Fuel and power inflation nearly quadrupled to 37.6% from the 9.75% recorded in March this year, and is significantly higher than the 20.94% mark attained in April. Manufactured products’ inflation rose to 10.83% from 9% in April.
While the wholesale food prices inflation climbed marginally from 7.58% in April to 8.11% in May, on a sequential basis, the food price index cooled off from April significantly.
ICRA chief economist Aditi Nayar said the large month-on-month correction in food prices was driven by perishables such as fruits and vegetables, suggesting that demand curtailment is outstripping supply disruptions amid the widening state level restrictions imposed in May.

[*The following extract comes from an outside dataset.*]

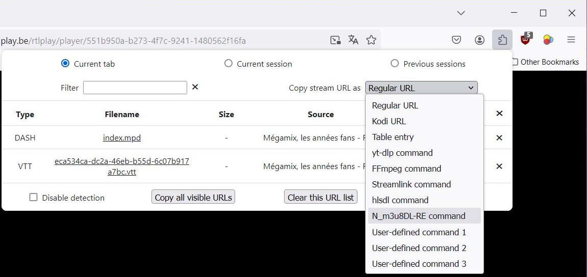 With the Stream Detector, simply selected N_m3u8DL-RE command, then clicked on the index.mpd to save the links.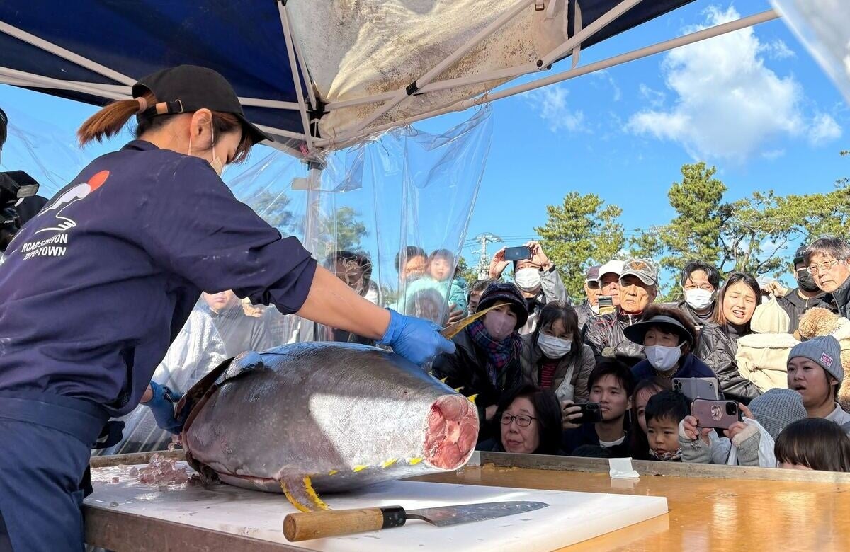 本イベントでは、道の駅スタッフが目の前で大きなマグロを捌く、迫力満点の解体ショーを実施します。捌きたてのマグロは、先着100名様*へお刺身としてふるまうほか、当日限定の柵の即売会も実施します。

Inflation in wholesale prices for the month of March was also revised upwards from 7.39% to 7.89%, by the Economic Adviser’s office in the Department for Promotion of Industry and Internal Trade, which released the provisional wholesale price index (WPI) estimates on Monday.
The ‘high rate of inflation is primarily due to low base effect and rise in prices of crude petroleum, mineral oils, and manufactured products’, it said in a statement. “The month over month change in WPI index for the month of May 2021 (as compared to April 2021) was 0.76%.”
The WPI had contracted 3.37% in May 2020. Primary food articles were the only category to see some moderation in the month, with inflation cooling down from 10.2% in April to 9.6%.
The series-high wholesale inflation print for May also coincided with a peak in core wholesale inflation, which relies on prices of manufactured non-food products, which could last for a few more months, said economists. However, the transmission of the high wholesale inflation into retail prices may be limited due to subdued demand.
“The core-WPI inflation hardened sharply to a series-high 10.0% in May 2021, with a broad-based uptrend across most of the sub-sectors. The core-WPI inflation is expected to climb further to a new series-high 10.4-10.9% in June, and sustain in double-digits until September 2021,” said Ms Nayar.
“Nevertheless, we foresee a limited transmission of the same to the CPI inflation, as cautious demand will keep pricing power in check in the immediate term,” she said, adding that the continued rise in global crude oil prices, a weaker rupee and the upward revision in domestic fuel prices remain ‘risk factors’.